### Dataset excerpts ###
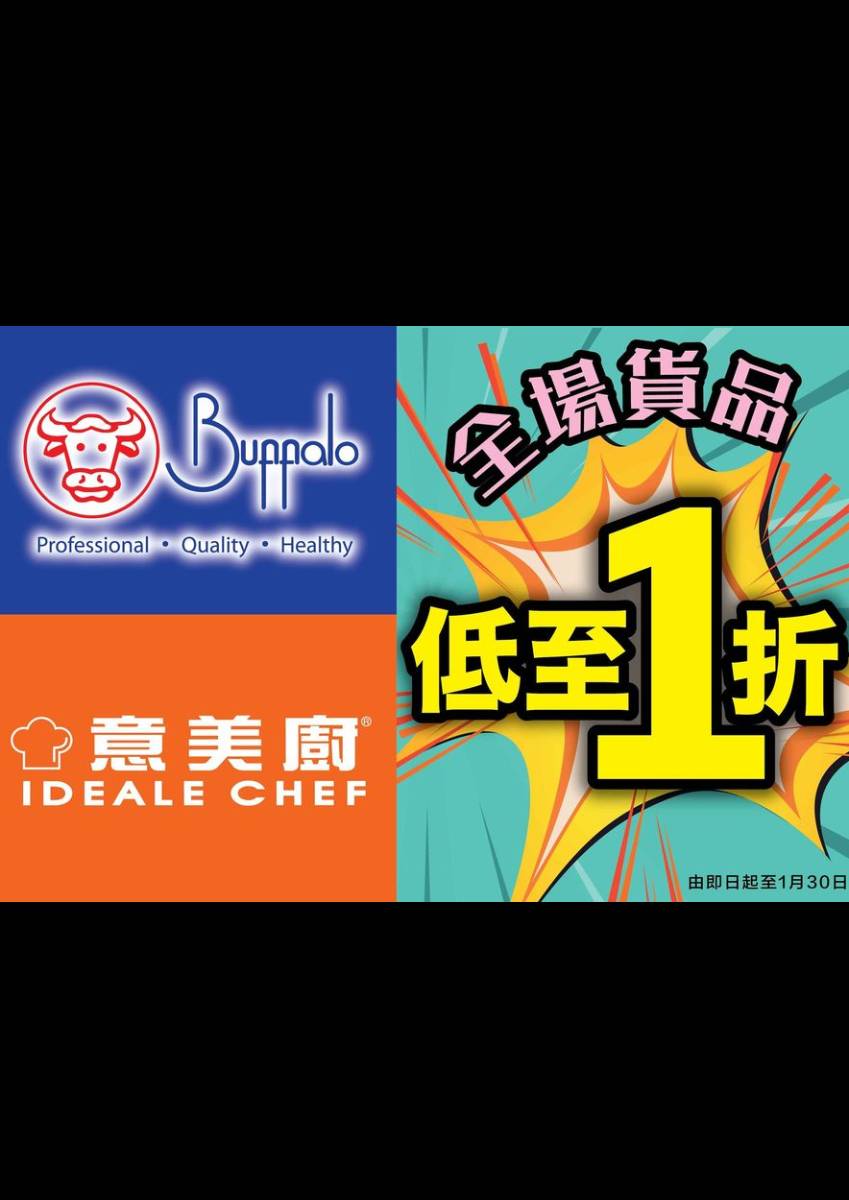 即日起至1月30日,全場貨品低至1折!! 黎到第二個星期嘅開倉,有全新嘅至抵限日限售產品! 牛頭牌不銹鋼雞骨剪,原價$238,限售價$45~ 意美廚韓國製造24CM陶瓷易潔雙耳煲,原價$1,098,限售價$299~ 意美廚小麥秸杆廚房砧板,原價$104,限售價$20~ TUXTON 0.5公升316不銹鋼手柄真空杯,原價$268,限售價$59~ 地址: 九龍觀塘偉業街221號美德工業中心地鋪 (觀塘站B1出口) 營業時間: 10:00 - 19:30 *優惠受條款約束,詳情可向職員查詢。
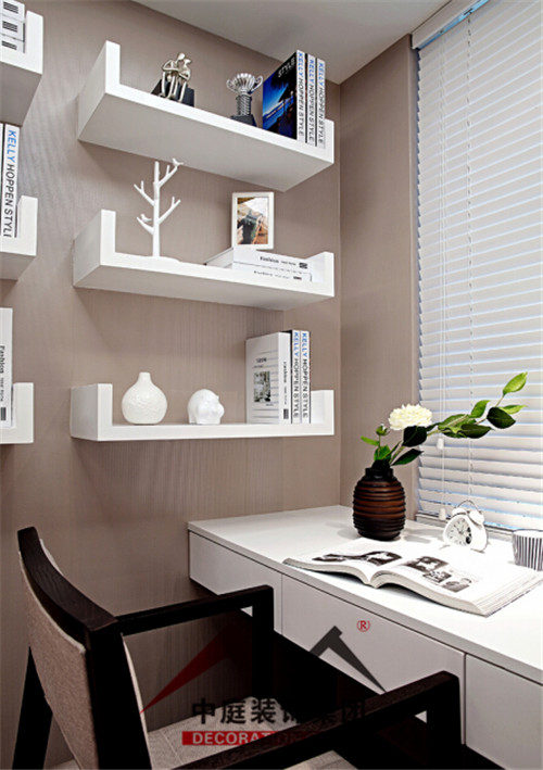 開放式的書房因?yàn)榭臻g有限,設(shè)計(jì)師在墻面做了些架子,即起到了裝飾作用,也能用來放置書跟裝飾品,一舉兩得。
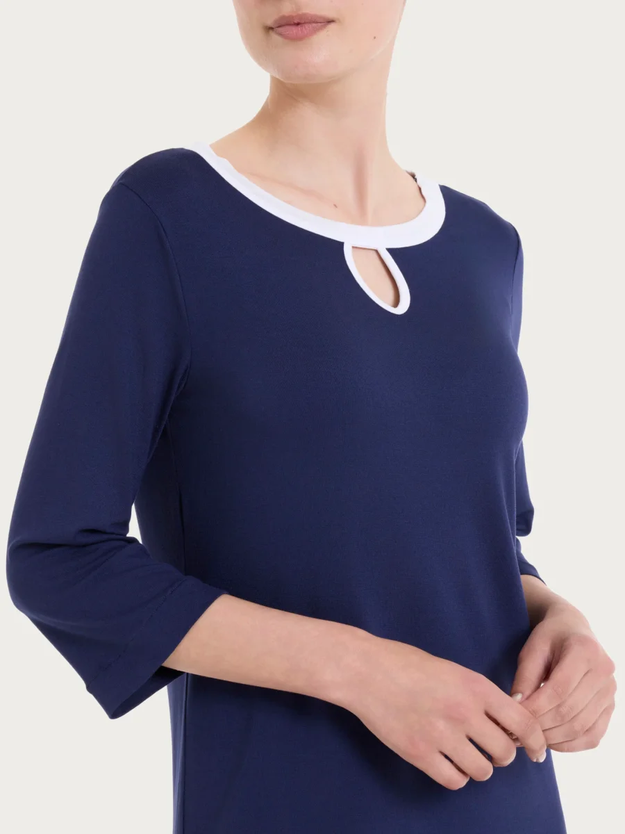 Il bordo sullo scollo a goccia, in base al colore, è tono su tono o a contrasto per delineare delicatamente le forme del corpo.
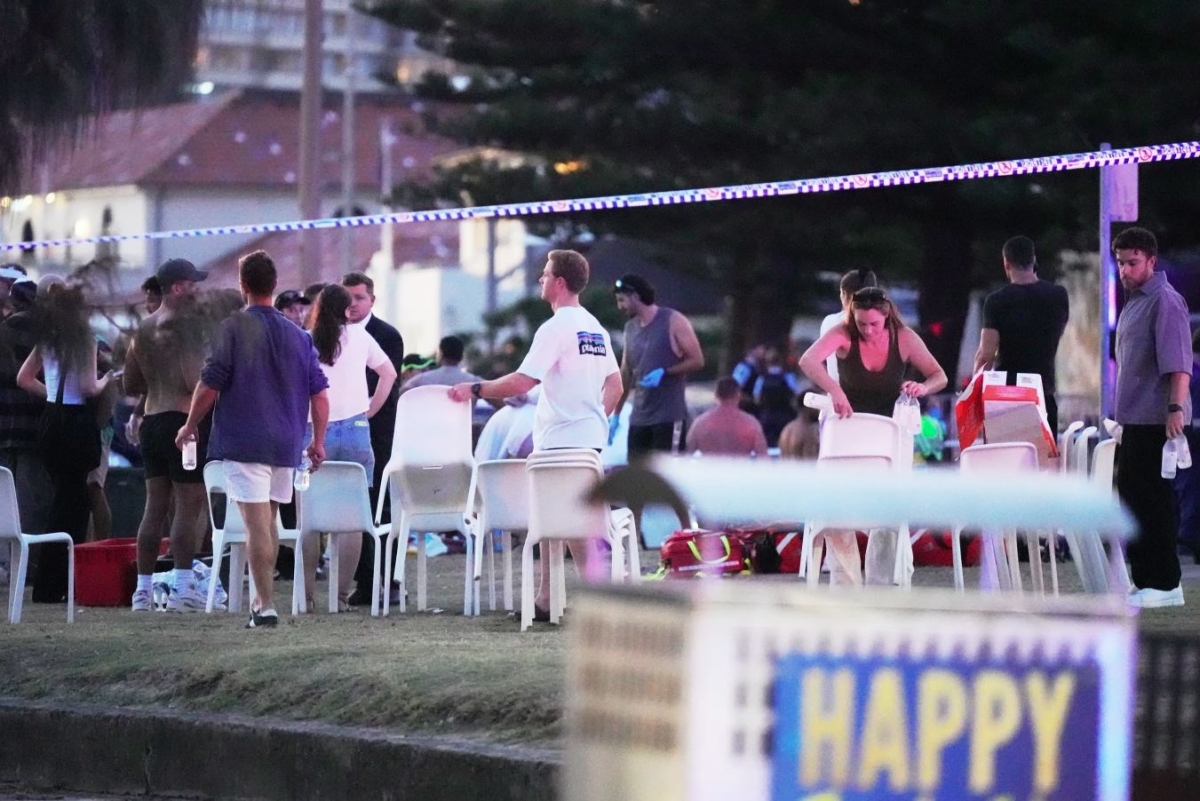 Người dân và nhân viên cứu hộ tập trung tại địa điểm diễn ra một sự kiện lễ hội sau vụ xả súng tại bãi biển Bondi ở Sydney.
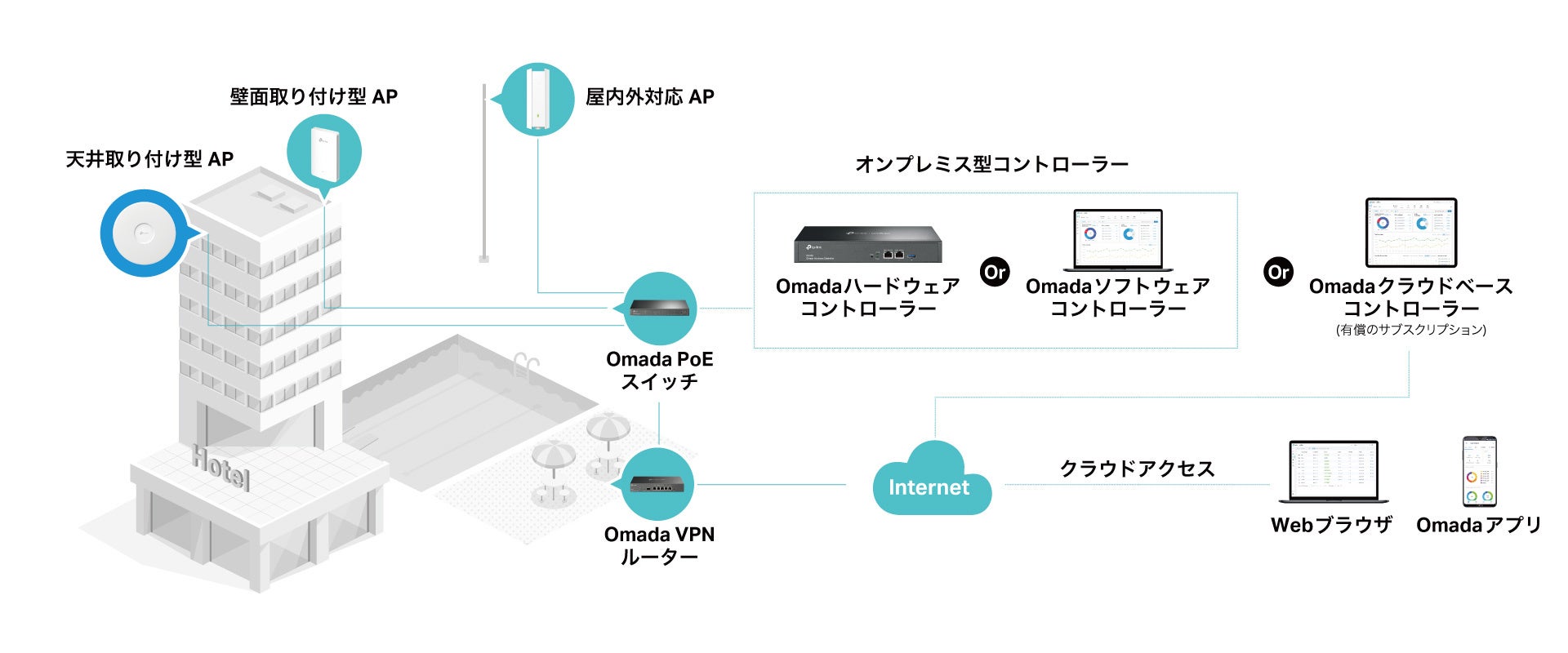 Omada SDN(Software Defined Networking)プラットフォームは、アクセスポイント・スイッチ・ルーター等のネットワークデバイスを統合し、100%集中型のクラウド管理を提供します。1つの管理画面から全てを操作できる拡張性の高いネットワークを作成。ホスピタリティ・教育・小売業界やオフィス等に、最適でシームレスな無線・有線接続をお届けします。
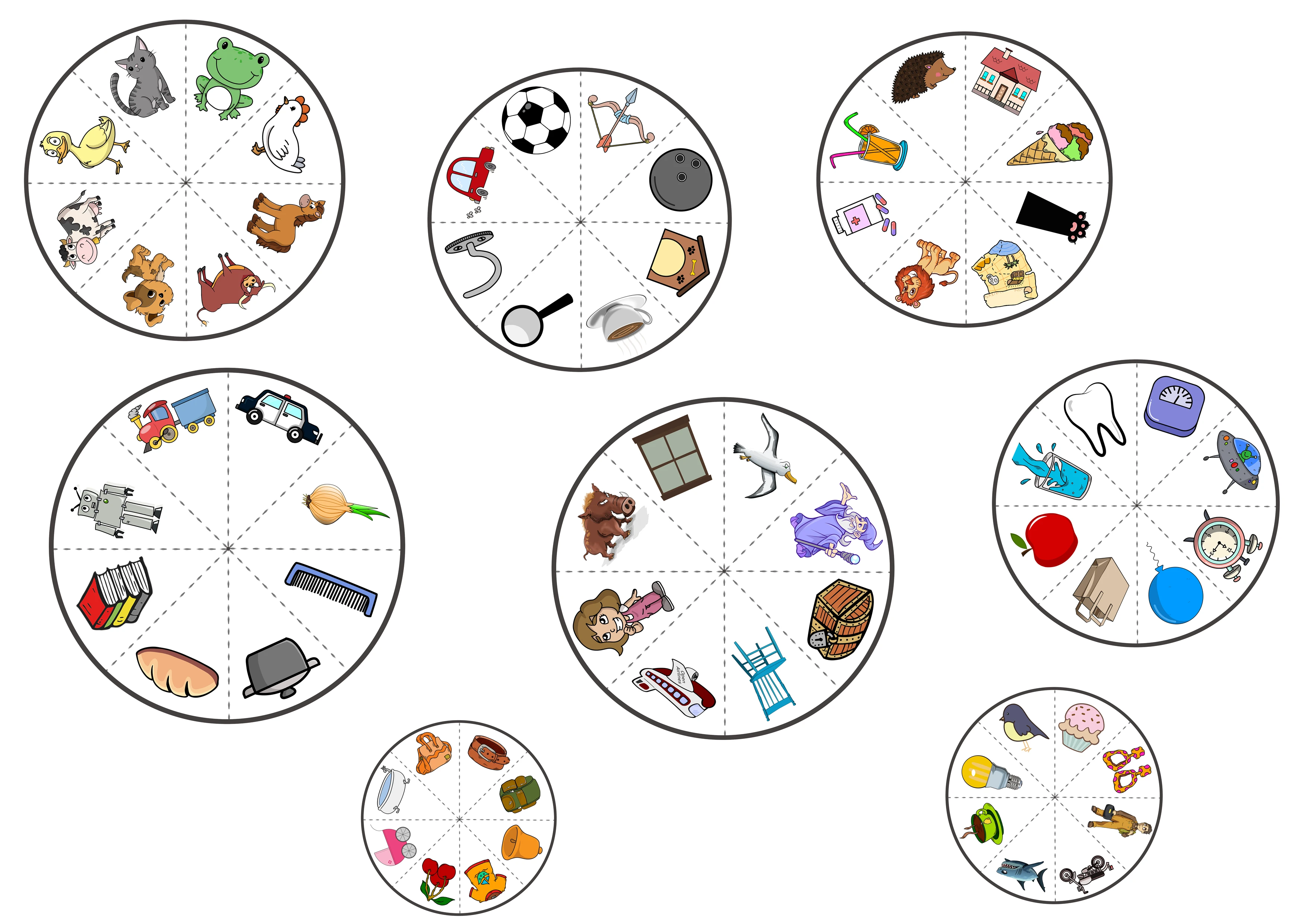 - 30 kół z obrazkami (na każdym 8 obrazków)
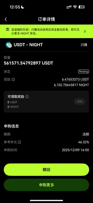 #OKX 這輪閃賺的收益率相當不錯,格局很大! 算了一下,下午4點鐘開始,到現在12點,8個小時,56萬刀,給了6100個 $Night ,以現在0.04的價格計算,244美金,1708RMB,真的很香。可惜200萬刀額度,沒能塞滿!😅 問題是,現在還能保持46.3%的收益率,已經相當不容易!🧐 twitter.com/Rocky_Bitcoin/stat...
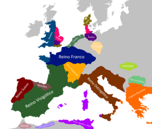Europe ح. 500 AD, in the midst of the schism (in برتغالية). Western Europe was loyal to the Bishop of Rome (then Pope Symmachus).
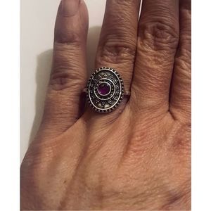 Pretty silver purple stone boho coin ring. Unique design and pretty ring. Size 6. NWT #purplering, #purplestonering, #coinring, #bohoring, #silverring
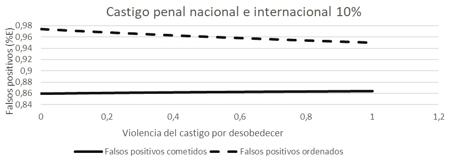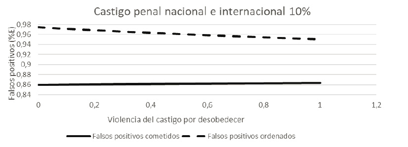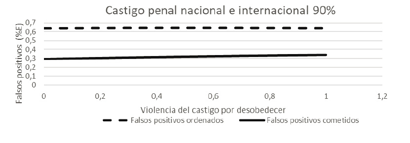 En la Figura 6 se observa que cuando el soldado enfrenta una probabilidad del 10 % de ser condenado por la justicia colombiana y por la comunidad internacional, pero el alto mando sabe que dicha probabilidad para él es nula, este ordenará cometer incluso más falsos positivos de los que necesita para alcanzar su objetivo, y el soldado cometerá aproximadamente un 90 % del ideal de bajas. Además, se cometerán aproximadamente un 14 % más ejecuciones extrajudiciales que cuando la justicia castiga por igual al principal y al agente.
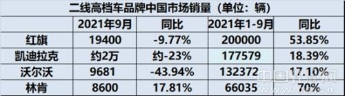 聚焦9月二线高档车市,虽然整体竞争格局未发生改变,但多个品牌销量均出现不同程度下滑。其中,红旗销量19400辆,同比下滑9.77%;凯迪拉克方面没有公布销量,根据通用汽车三季度销量数据计算,凯迪拉克9月约卖出2万辆新车,同比降幅在23%左右;沃尔沃较去年同期17270辆的成绩,陡降43.94%。值得一提的是,林肯品牌表现亮眼,逆势实现17.81%的同比正增长。
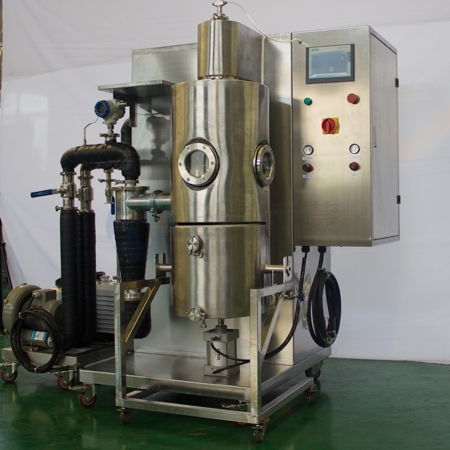 實驗室冷凍噴霧干燥機適用于熱敏性、粘稠性、活性物料及含糖量高的物料的低溫干燥,如中草藥天然產物提取液、乳制品、生物制劑、酶制劑、水果原汁、高分子材料等。
###
• Exercise description:
Return the data exactly as it stands, minus the pictures.

• Problem solution:
 即日起至1月30日,全場貨品低至1折!! 黎到第二個星期嘅開倉,有全新嘅至抵限日限售產品! 牛頭牌不銹鋼雞骨剪,原價$238,限售價$45~ 意美廚韓國製造24CM陶瓷易潔雙耳煲,原價$1,098,限售價$299~ 意美廚小麥秸杆廚房砧板,原價$104,限售價$20~ TUXTON 0.5公升316不銹鋼手柄真空杯,原價$268,限售價$59~ 地址: 九龍觀塘偉業街221號美德工業中心地鋪 (觀塘站B1出口) 營業時間: 10:00 - 19:30 *優惠受條款約束,詳情可向職員查詢。
 開放式的書房因?yàn)榭臻g有限,設(shè)計(jì)師在墻面做了些架子,即起到了裝飾作用,也能用來放置書跟裝飾品,一舉兩得。
 Il bordo sullo scollo a goccia, in base al colore, è tono su tono o a contrasto per delineare delicatamente le forme del corpo.
 Người dân và nhân viên cứu hộ tập trung tại địa điểm diễn ra một sự kiện lễ hội sau vụ xả súng tại bãi biển Bondi ở Sydney.
 Omada SDN(Software Defined Networking)プラットフォームは、アクセスポイント・スイッチ・ルーター等のネットワークデバイスを統合し、100%集中型のクラウド管理を提供します。1つの管理画面から全てを操作できる拡張性の高いネットワークを作成。ホスピタリティ・教育・小売業界やオフィス等に、最適でシームレスな無線・有線接続をお届けします。
 - 30 kół z obrazkami (na każdym 8 obrazków)
 #OKX 這輪閃賺的收益率相當不錯,格局很大! 算了一下,下午4點鐘開始,到現在12點,8個小時,56萬刀,給了6100個 $Night ,以現在0.04的價格計算,244美金,1708RMB,真的很香。可惜200萬刀額度,沒能塞滿!😅 問題是,現在還能保持46.3%的收益率,已經相當不容易!🧐 twitter.com/Rocky_Bitcoin/stat...
Europe ح. 500 AD, in the midst of the schism (in برتغالية). Western Europe was loyal to the Bishop of Rome (then Pope Symmachus).
 Pretty silver purple stone boho coin ring. Unique design and pretty ring. Size 6. NWT #purplering, #purplestonering, #coinring, #bohoring, #silverring
 En la Figura 6 se observa que cuando el soldado enfrenta una probabilidad del 10 % de ser condenado por la justicia colombiana y por la comunidad internacional, pero el alto mando sabe que dicha probabilidad para él es nula, este ordenará cometer incluso más falsos positivos de los que necesita para alcanzar su objetivo, y el soldado cometerá aproximadamente un 90 % del ideal de bajas. Además, se cometerán aproximadamente un 14 % más ejecuciones extrajudiciales que cuando la justicia castiga por igual al principal y al agente.
 聚焦9月二线高档车市,虽然整体竞争格局未发生改变,但多个品牌销量均出现不同程度下滑。其中,红旗销量19400辆,同比下滑9.77%;凯迪拉克方面没有公布销量,根据通用汽车三季度销量数据计算,凯迪拉克9月约卖出2万辆新车,同比降幅在23%左右;沃尔沃较去年同期17270辆的成绩,陡降43.94%。值得一提的是,林肯品牌表现亮眼,逆势实现17.81%的同比正增长。
 實驗室冷凍噴霧干燥機適用于熱敏性、粘稠性、活性物料及含糖量高的物料的低溫干燥,如中草藥天然產物提取液、乳制品、生物制劑、酶制劑、水果原汁、高分子材料等。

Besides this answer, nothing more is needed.